National's tax incentives slammed
The National Party's plans to offer tax incentives for retirement savings have been slammed by Business Roundtable executive director Roger Kerr.
Sunday, March 10th 2002, 10:50PM
Kerr described the idea as a "retrograde step" at a superannuation conference late last week.
"This should be opposed as having no basis in professional analysis," he told the delegates at the conference.
He comments came during a presentation that examined the savings patterns of New Zealanders.
The thrust of the roundtable's research was that New Zealand does not have a savings problem.
Consequently Kerr dismisses the need for tax incentives and is also highly critical of compulsory savings schemes.
He describes both as being "ineffective, distorting, inequitable and illiberal policies."
At the same conference National's official superannuation spokesman Gerry Brownlee confessed that savings incentives have no direct impact on savings levels.
Likewise, a spokesman for National's potential coalition partner, Rodney Hide of the Act party, said he doesn't support tax incentives.

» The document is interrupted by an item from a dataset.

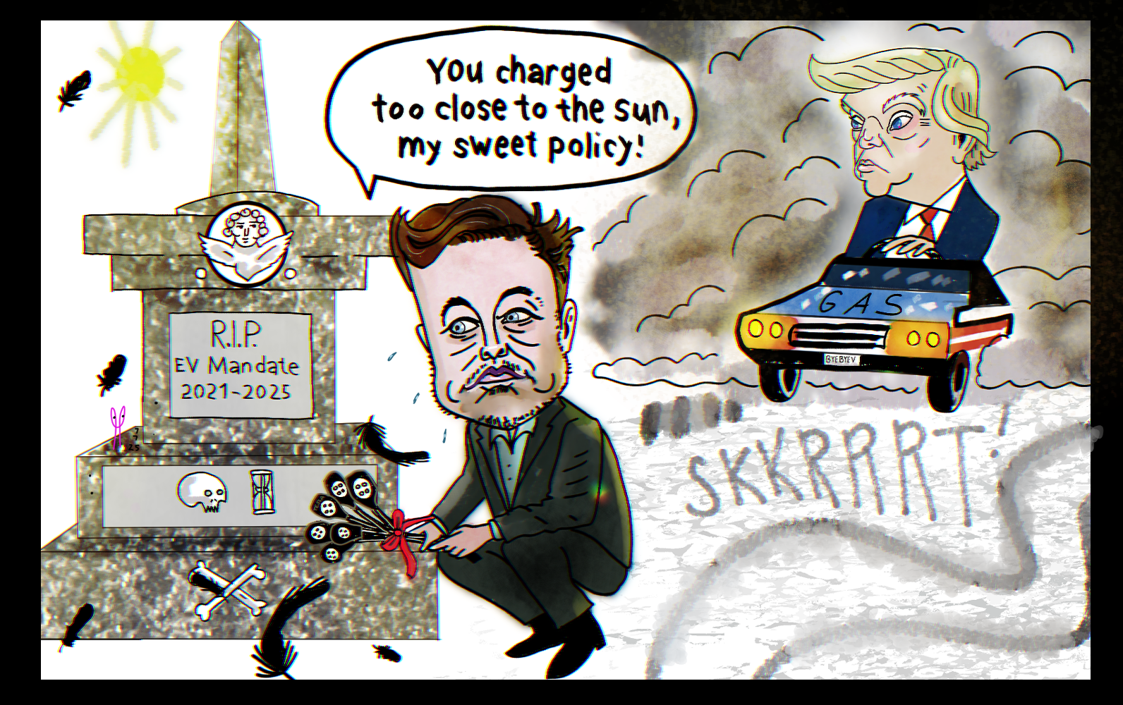 This cartoon captures Elon Musk kneels solemnly beside the grave of the EV Mandate now a casualty of shifting political winds. With poetic grief, he lays flowers at the tombstone, whispering, “You charged too close to the sun, my sweet policy.” ELON is holding a bouquet of electric car adapters.

Act appears to have no superannuation policy, and its previous position, compulsory savings, has been discredited by the Roundtable, which is seen as one of its key allies.
Kerr describes incentives and compulsion as plans to attack "a problem that does not exist, with a mechanism that will not work, in order to achieve a goal that would harm the economy."
Kerr pushed the line that tax cuts and smaller government are the answer to New Zealand's economic problem.
"The key to providing high incomes in retirement is the pursuit of policies promoting high economic growth," he says.